▸ Work instructions: An exact copy of all the lines below is required, with every image left out.

▸ Available data:

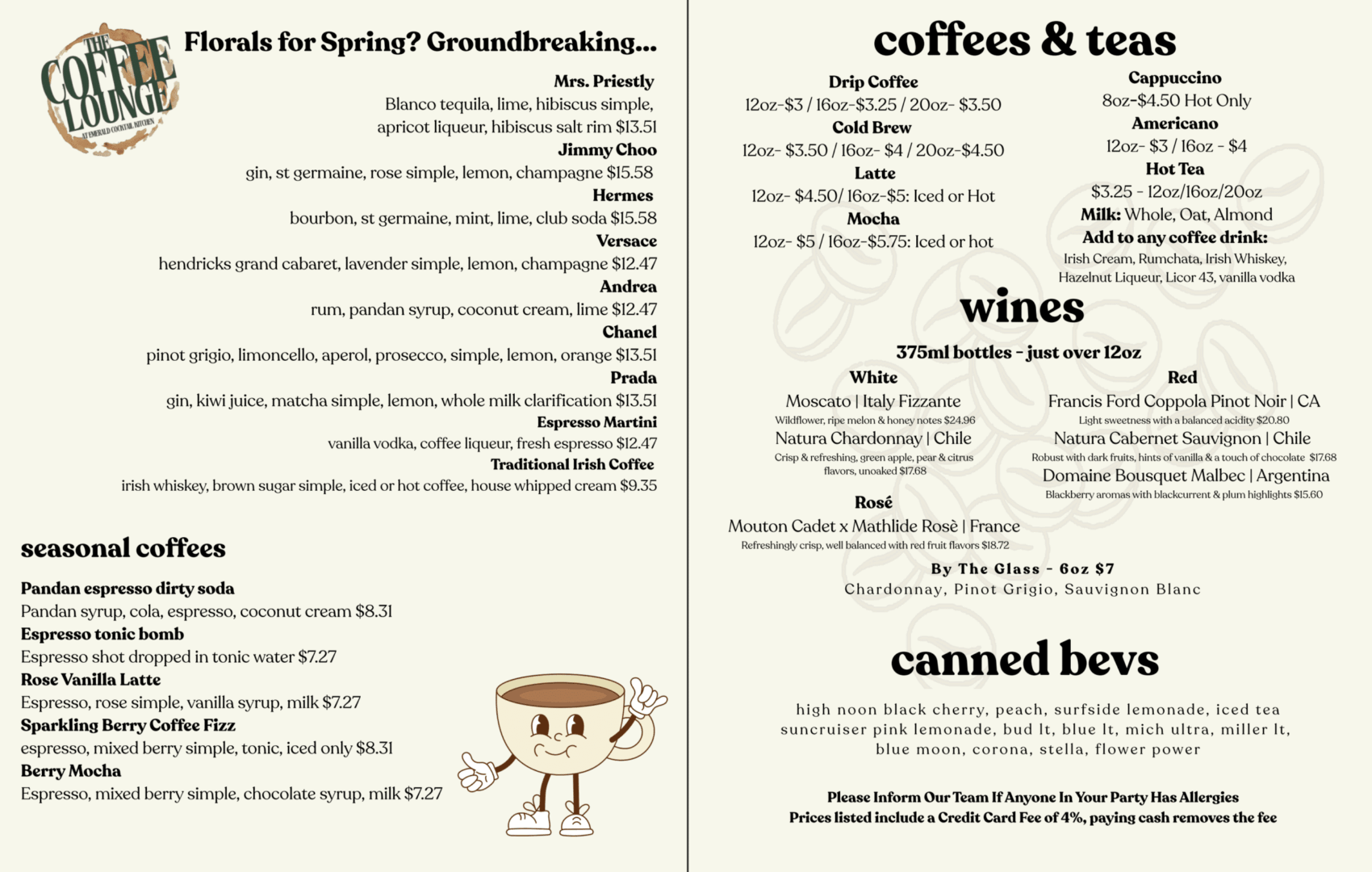 on the second floor, our coffee lounge offers handcrafted espresso drinks, seasonal coffee creations, teas, and cozy café favorites.
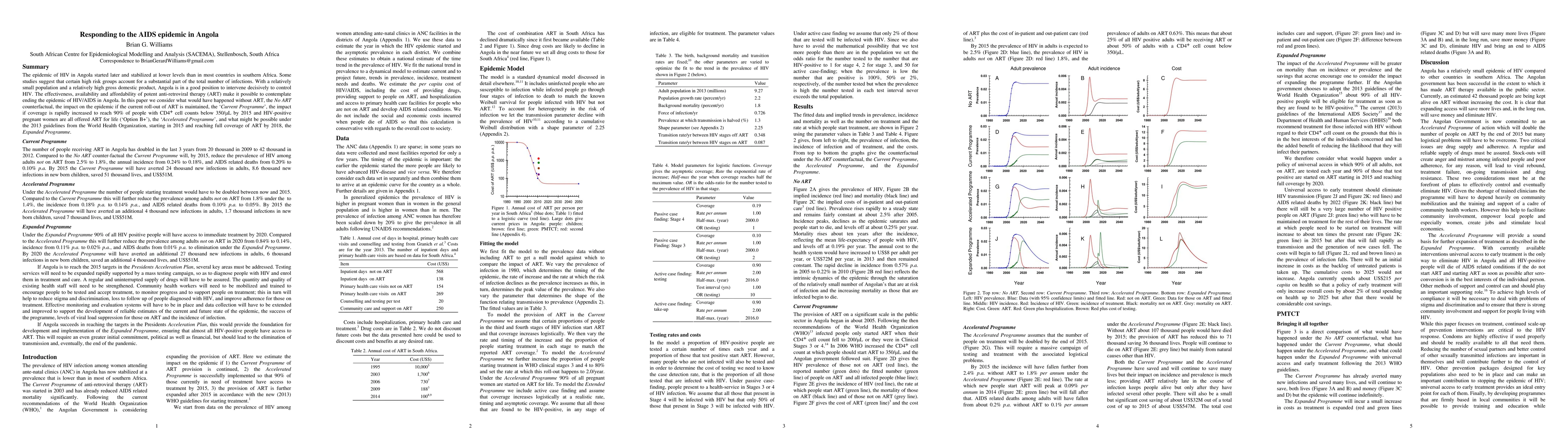 The epidemic of HIV in Angola started later and stabilized at lower levels than elsewhere in southern Africa. With a relatively small population and a high GDP, Angola is in a good position to intervene decisively to control HIV. The effectiveness, availability and affordability of anti-retroviral therapy (ART) make it possible to contemplate ending the epidemic of HIV/AIDS in Angola. We consider what would have happened without ART, the No ART counterfactual, the impact on the epidemic if the current roll-out of ART is maintained, the Current Programme, the impact if coverage is rapidly increased to reach 90% of people with CD4+ cell counts below 350/micro-litre by 2015 and HIV-positive pregnant women are all offered ART for life (Option B+), the Accelerated Programme, and what might be possible under the 2013 guidelines from the World Health Organization, starting in 2015 and reaching full coverage of ART by 2018, the Expanded Programme.If Angola is to reach the 2015 targets in the Presidents Acceleration Plan testing services will need to be expanded. A regular, uninterrupted supply of drugs will have to be assured. Existing health staff will need to be strengthened. Community health workers will need to be mobilized and trained to encourage people to be tested and accept treatment, to monitor progress and to support people on treatment; this in turn will help to reduce stigma and discrimination, loss to follow up of people diagnosed with HIV, and improve adherence for those on treatment. Effective monitoring and evaluation systems will have to be in place and data collection will have to be extended and improved to support the development of reliable estimates of the current and future state of the epidemic, the success of the programme, levels of viral load suppression for those on ART and the incidence of infection.
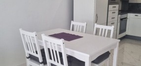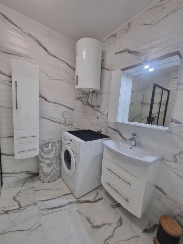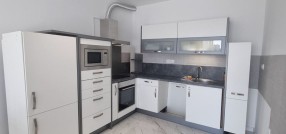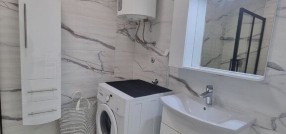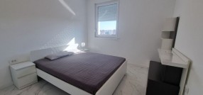 Opremljen dvosoban stan od 51m2 u novosagrađenoj zgradi sa liftom na 3/5 spratu. Sastoje sa od velikog dnevnog boravka sa trpezarijom i kuhinjom koji vodi na terasu, spavaće sobe i kupatila sa tuš kabinom. Na podovima su pločice, prozori su PVC, a grejanje podno je na gas. Stan je opremljen novim nameštajem i uređajima.
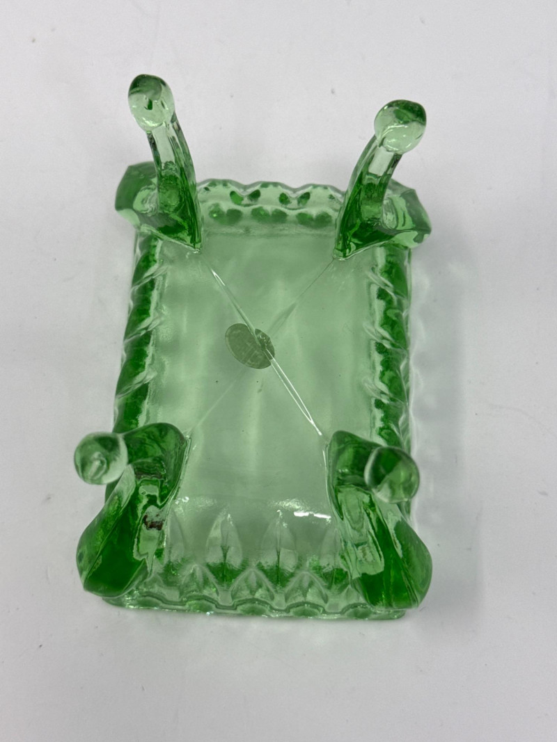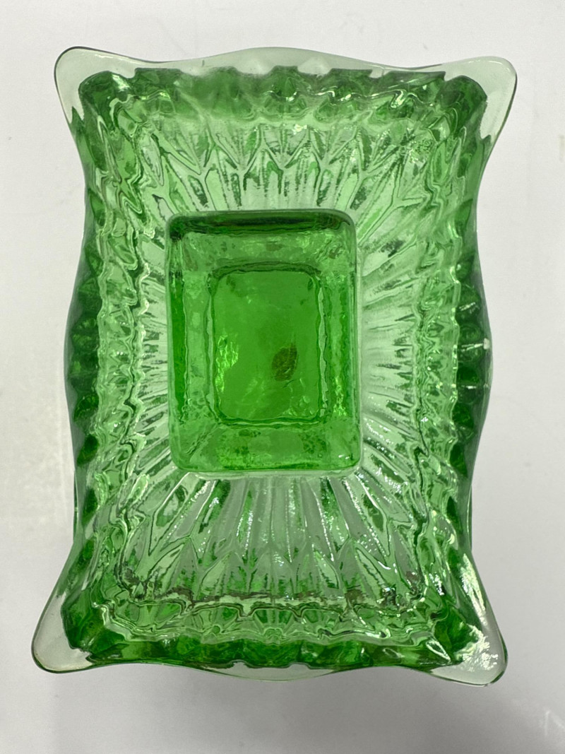 Dimensions: Approx. 7.25" H × 4.25" W Green Pressed Glass Vanity Box (Late 20th Century)
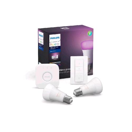 PHILIPS HUE WHITE AND COLOR AMBIANCE STARTER KIT SET PER ILLUMINAZIONE WIRELESS 1 X BRIDGE HUE 1 X DIMMER SWITCH 2 X LAMPADINA LED E27 9 W A+ 16 MILIONI DI COLORI 2000-6500 K BIANCO
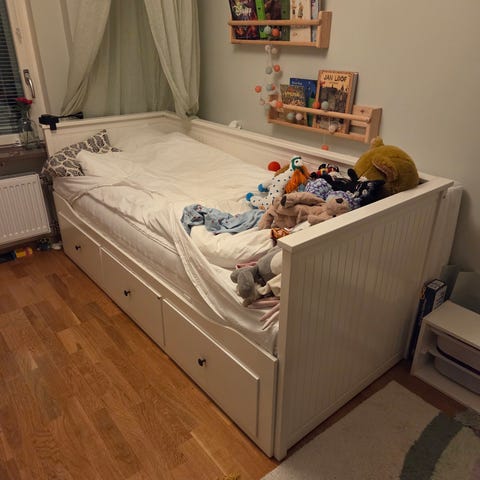 IKEA säng Brimnes Dagbädd utdragbar 80-160 cm med förvaring i vit färg. Sängen har utdragbara lådor undertill som ger extra förvaringsutrymme för till exempel sängkläder eller kläder. Passar som enkel/dubbelsäng i sovrum, gästrum eller barnrum. Madrasser ingår ej.

▸ Expected answer:
 on the second floor, our coffee lounge offers handcrafted espresso drinks, seasonal coffee creations, teas, and cozy café favorites.
 The epidemic of HIV in Angola started later and stabilized at lower levels than elsewhere in southern Africa. With a relatively small population and a high GDP, Angola is in a good position to intervene decisively to control HIV. The effectiveness, availability and affordability of anti-retroviral therapy (ART) make it possible to contemplate ending the epidemic of HIV/AIDS in Angola. We consider what would have happened without ART, the No ART counterfactual, the impact on the epidemic if the current roll-out of ART is maintained, the Current Programme, the impact if coverage is rapidly increased to reach 90% of people with CD4+ cell counts below 350/micro-litre by 2015 and HIV-positive pregnant women are all offered ART for life (Option B+), the Accelerated Programme, and what might be possible under the 2013 guidelines from the World Health Organization, starting in 2015 and reaching full coverage of ART by 2018, the Expanded Programme.If Angola is to reach the 2015 targets in the Presidents Acceleration Plan testing services will need to be expanded. A regular, uninterrupted supply of drugs will have to be assured. Existing health staff will need to be strengthened. Community health workers will need to be mobilized and trained to encourage people to be tested and accept treatment, to monitor progress and to support people on treatment; this in turn will help to reduce stigma and discrimination, loss to follow up of people diagnosed with HIV, and improve adherence for those on treatment. Effective monitoring and evaluation systems will have to be in place and data collection will have to be extended and improved to support the development of reliable estimates of the current and future state of the epidemic, the success of the programme, levels of viral load suppression for those on ART and the incidence of infection.
 Opremljen dvosoban stan od 51m2 u novosagrađenoj zgradi sa liftom na 3/5 spratu. Sastoje sa od velikog dnevnog boravka sa trpezarijom i kuhinjom koji vodi na terasu, spavaće sobe i kupatila sa tuš kabinom. Na podovima su pločice, prozori su PVC, a grejanje podno je na gas. Stan je opremljen novim nameštajem i uređajima.
 Dimensions: Approx. 7.25" H × 4.25" W Green Pressed Glass Vanity Box (Late 20th Century)
 PHILIPS HUE WHITE AND COLOR AMBIANCE STARTER KIT SET PER ILLUMINAZIONE WIRELESS 1 X BRIDGE HUE 1 X DIMMER SWITCH 2 X LAMPADINA LED E27 9 W A+ 16 MILIONI DI COLORI 2000-6500 K BIANCO
 IKEA säng Brimnes Dagbädd utdragbar 80-160 cm med förvaring i vit färg. Sängen har utdragbara lådor undertill som ger extra förvaringsutrymme för till exempel sängkläder eller kläder. Passar som enkel/dubbelsäng i sovrum, gästrum eller barnrum. Madrasser ingår ej.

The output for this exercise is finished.